The Treasury Department’s Office of Foreign Assets Control has announced that a Vietnam-based company has agreed to pay $860,000 on behalf of two of its subsidiaries to settle spotential civil liability for apparent violations of OFAC sanctions against North Korea.
OFAC states that between April 2016 and October 2018 these subsidiaries sought and received 43 wire transfers totaling about $1.1 million from 15 different third-party companies in Hong Kong, China, and Turkey as payment for the sale of alcoholic beverages to North Korea. All of these transfers were processed by U.S. correspondent banks, which thus exported financial services to North Korea.
According to OFAC, the statutory maximum civil monetary penalty applicable in this matter is $15.8 million and the base penalty amount is $1.7 million. Aggravating factors included the subsidiaries’ failure to exercise due caution or care and the fact that the subsidiaries’ senior management knew or had reason to know they were doing business with, and receiving payments made on behalf of, North Korean entities. OFAC further notes that the apparent violations were not voluntarily self-disclosed and that neither the parent company nor its subsidiaries had sanctions compliance programs or policies in place at the time the conduct at issue occurred.
Mitigating factors included the company’s clean penalty history, substantial cooperation with OFAC’s investigation, and implementation of significant remedial measures, including establishing sanctions compliance teams and programs at its subsidiaries, providing sanctions compliance training to its subsidiaries, and engaging an independent third party to perform compliance screening functions. In addition, the subsidiaries’ senior management issued a compliance directive that prohibited doing business with comprehensively sanctioned jurisdictions and required due diligence on all prospective and renewing customers, including screening customers against sanctions lists.

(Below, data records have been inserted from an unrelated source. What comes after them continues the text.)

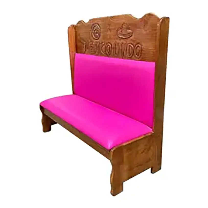 Este modelo está disponible en distintos tonos de madera (claro, nogal, caoba, oscuro) y en varios colores de tapizado. También podemos personalizar medidas y acabados para que se adapten perfectamente al estilo y decoración de tu restaurante.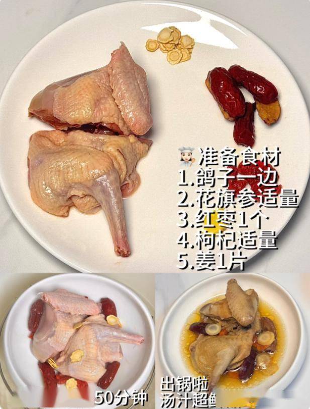 材料:一只鸽子,花旗参,红枣一个,一小把枸杞,1片生姜。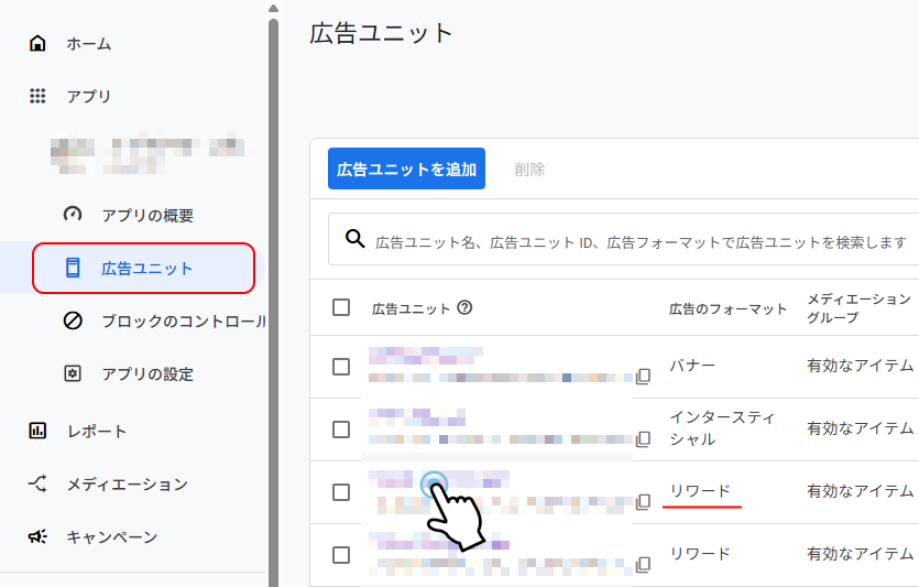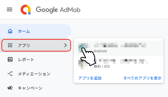 AdMob 管理画面 → アプリ → ご自身のアプリを選択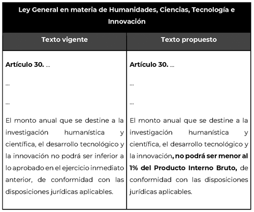 Por lo anterior se propone modificar el párrafo cuarto del artículo 30 de la Ley General en materia de Humanidades, Ciencias, Tecnologías e Innovación, de acuerdo con la siguiente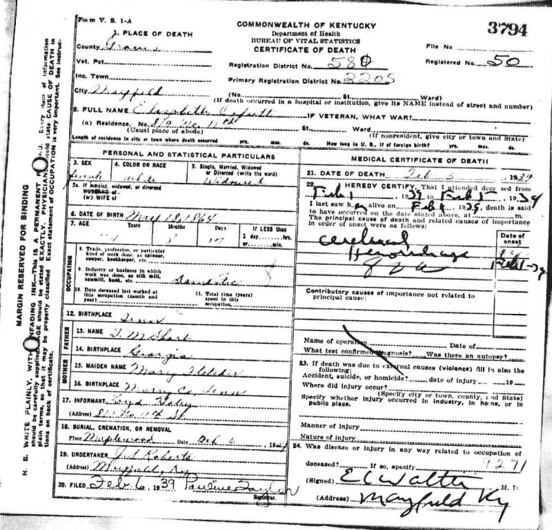 Death Certificate for Elizabeth Offutt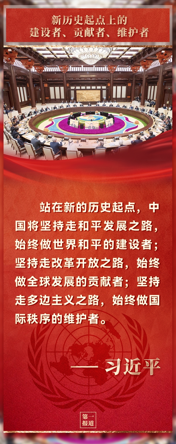 如今,站在新的历史起点上,世界听到中国的坚定声音,看到东方大国作为世界和平的建设者、全球发展的贡献者、国际秩序的维护者,在国际舞台发挥重要作用,为促进人类和平与发展事业作出更大贡献。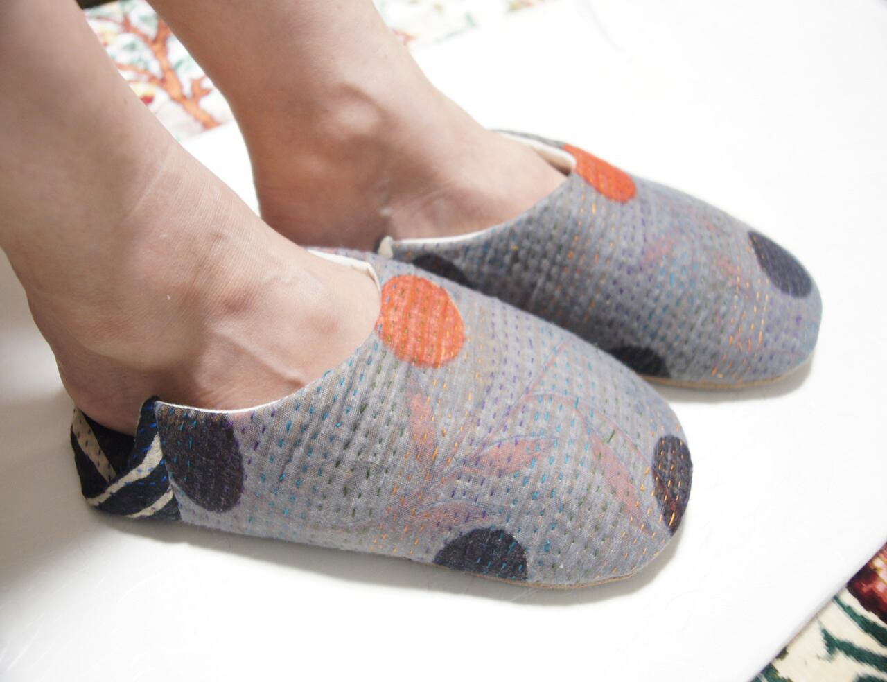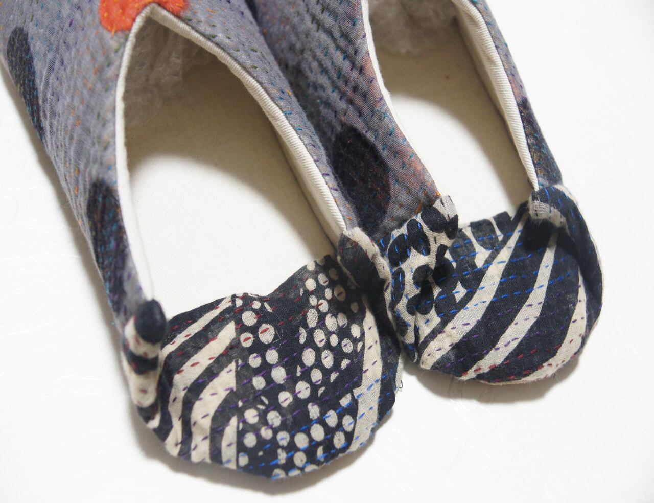 ミエコミンツ オリジナルカンタ(インドの刺し子)のスリッパです。カンタ素材独特の柔らかさ、暖かさに加えて、少しゆったり目のサイズですので素足にとても心地よいです。左右のデザインは微妙に変えてあります。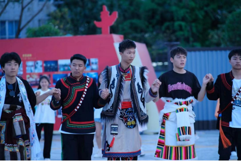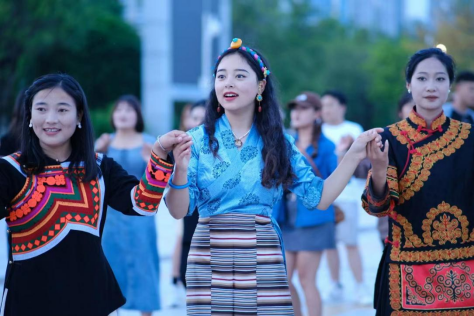 活动现场,身着各民族服饰的学生载歌载舞、青春洋溢;参观的师生流连于各民族服饰,饶有兴致地品尝特色美食、体验民族乐器、学习民族礼仪。苗族和彝族的手工刺绣,藏族的牦牛肉干、青稞、各民族学生的民族服饰、挂毯、手工艺品等,各具特色;以民族特色鲜明的各民族展区,展现各民族风采,也让各族学生感受到不一样的民族文化。篝火晚会更是把活动推向了高潮,各民族师生围着篝火手拉着手尽情的跳尽情地唱,展现出了民族团结一家亲热闹场景。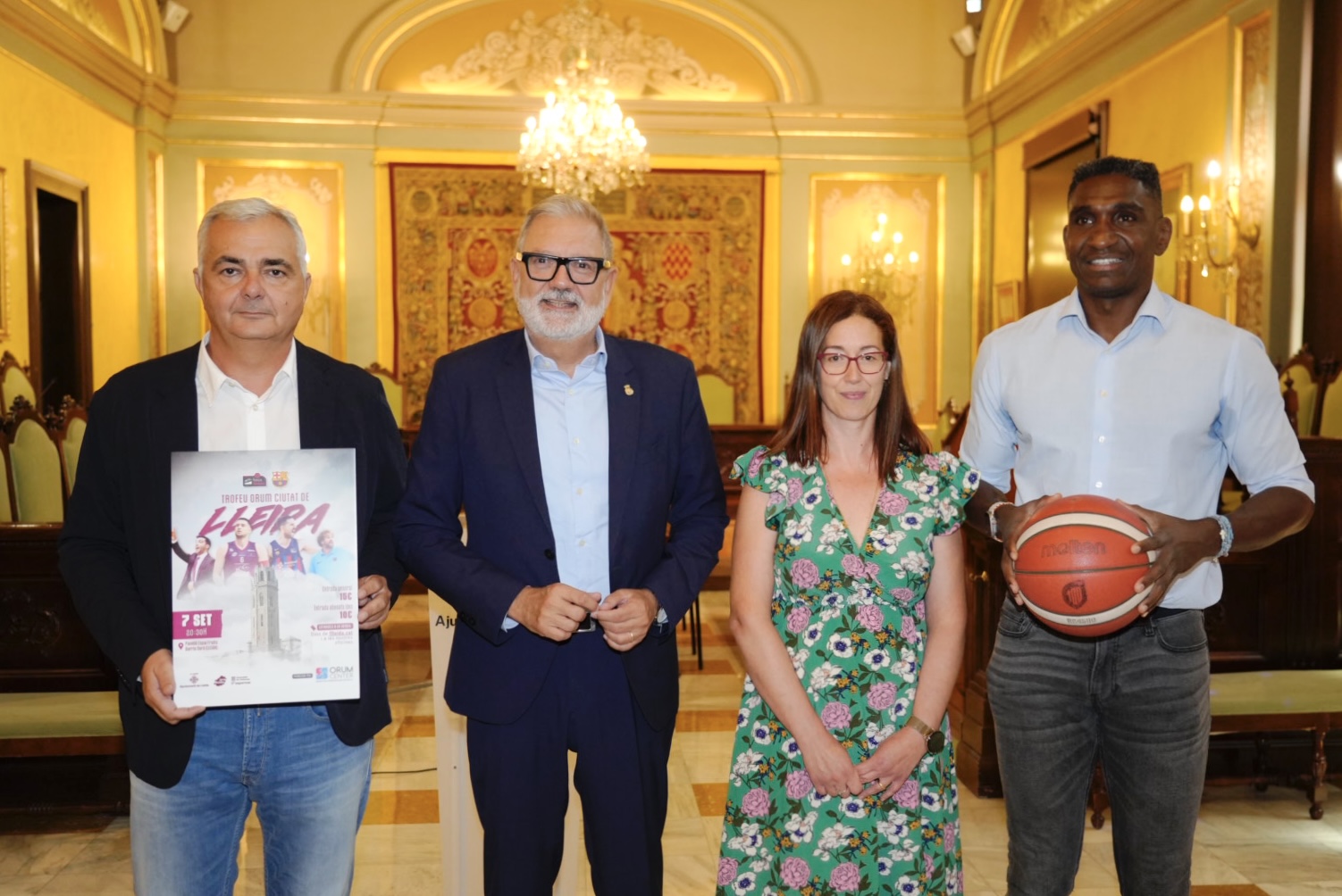L’alcalde de Lleida, Fèlix Larrosa, i el regidor d’esports, Jackson Quiñonez, acompanyats del president del Força Lleida, Albert Aliaga, i de la cap de gestió i atenció a l’usuari d’Orum, Rosa Fondevila, han presentat l’edició 2023 del Trofeu Orum Ciutat de Lleida que es disputarà el proper dia 7 de setembre, a les 20.30 hores, al pavello municipal Barris Nord, amb el partit entre l’ICG Força Lleida i el Barça de Roger Grimau.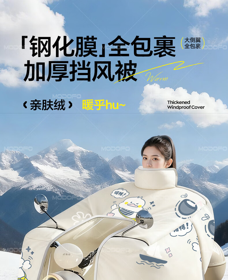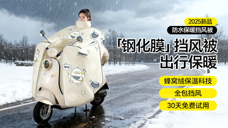 梦多福【暴雨钢化膜】电动车挡风被冬季加厚加绒电瓶车防风新款全包保暖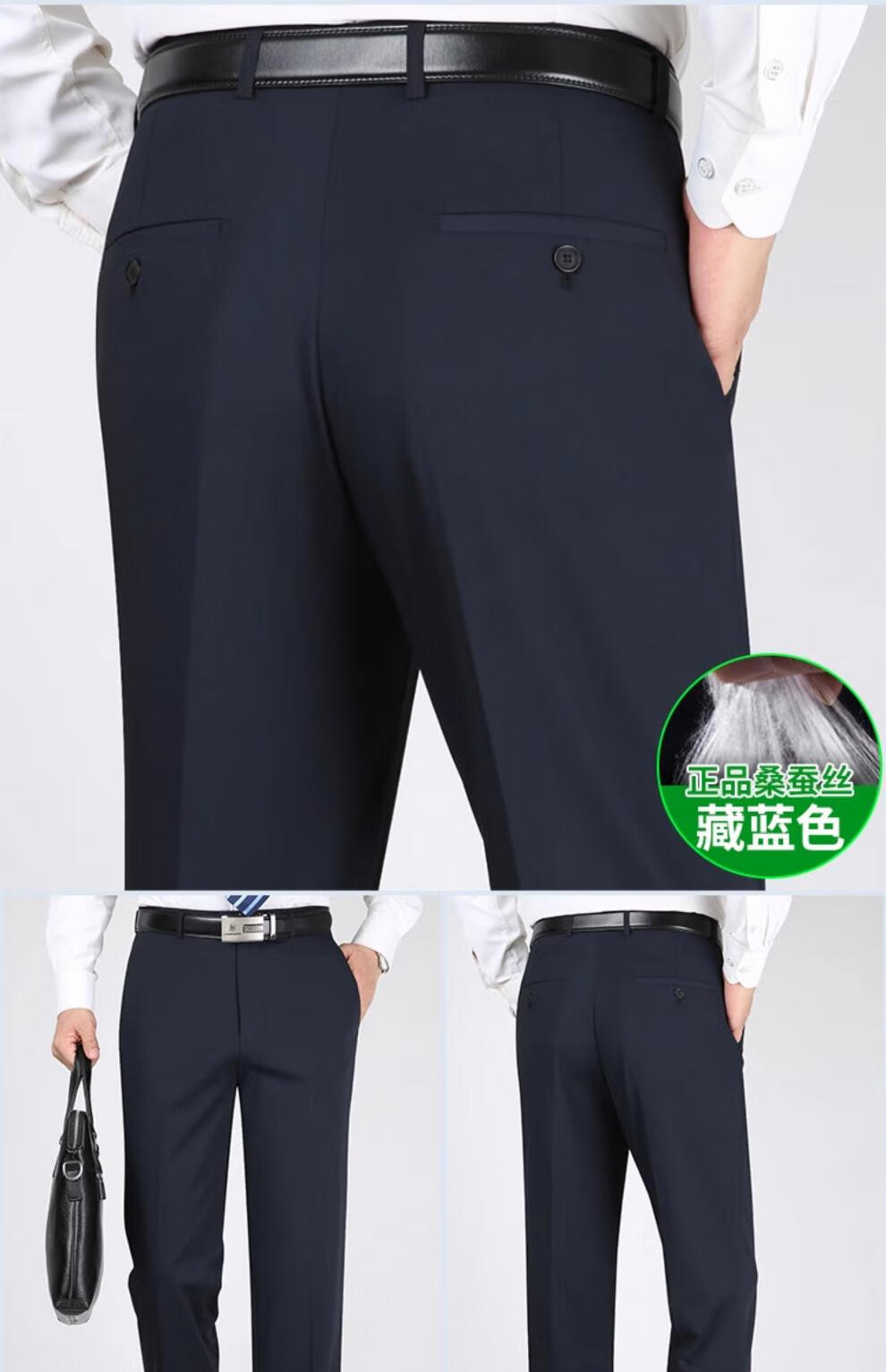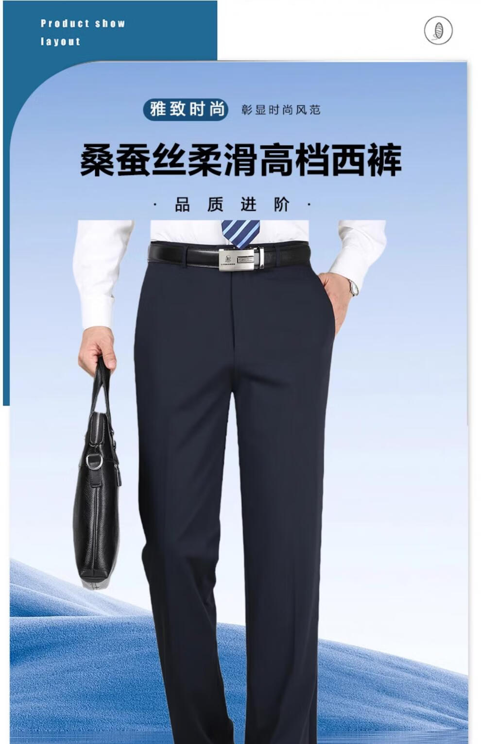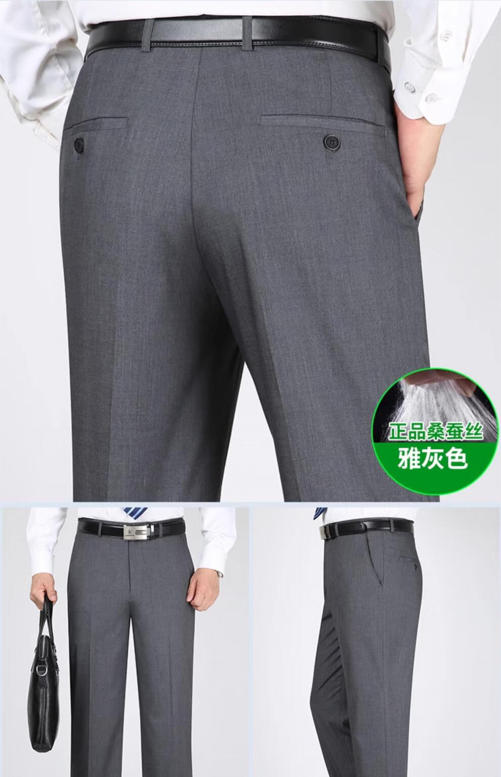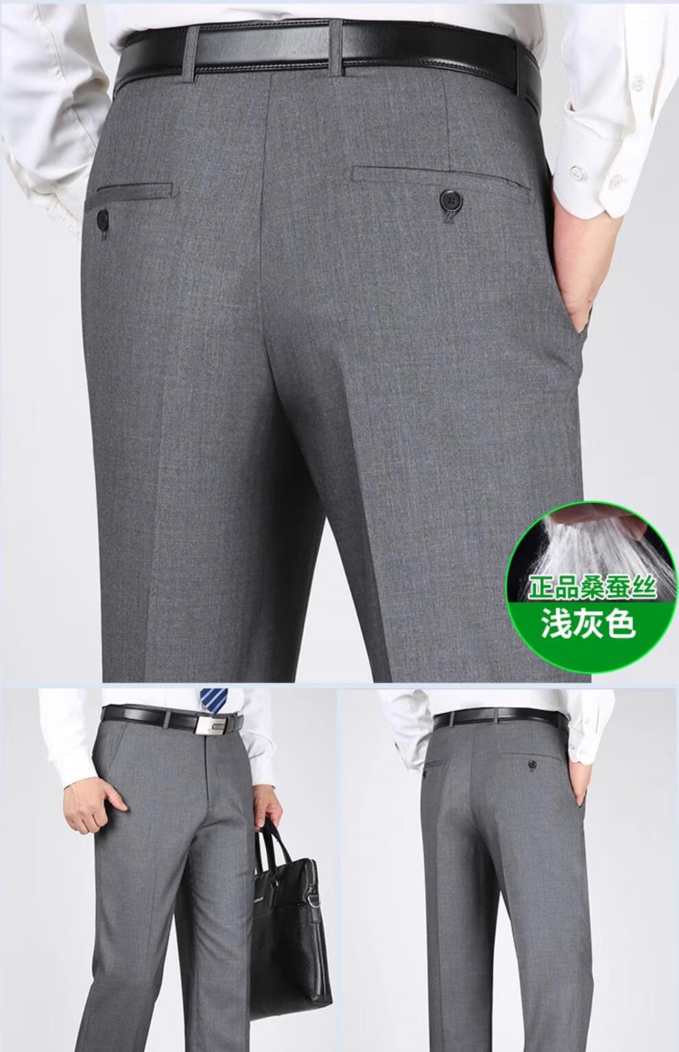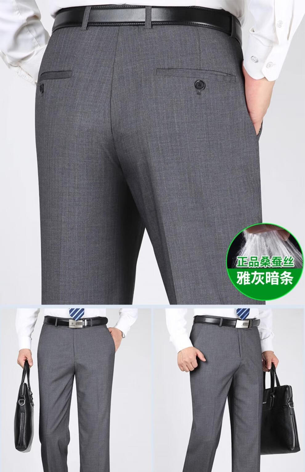 Hengyuanxiang 2025 summer middle-aged men's mulberry silk trousers thin middle-aged casual men's trousers loose dad suit trousers mulberry silk 9207-black stripes thin 29 2 feet 2 waist

OFAC states that this enforcement action illustrates (1) how non-U.S. persons in foreign jurisdictions may face sanctions liability, particularly when utilizing the U.S. financial system, (2) how the absence of a risk-based sanctions compliance program can increase the likelihood of committing potential sanctions violations, and (3) the importance of conducting a sanctions risk assessment to identify potential areas in which a company may, directly or indirectly, engage with OFAC-prohibited persons, parties, countries, or regions, including an assessment of the geographic location of customers, supply chains, intermediaries, and counter-parties.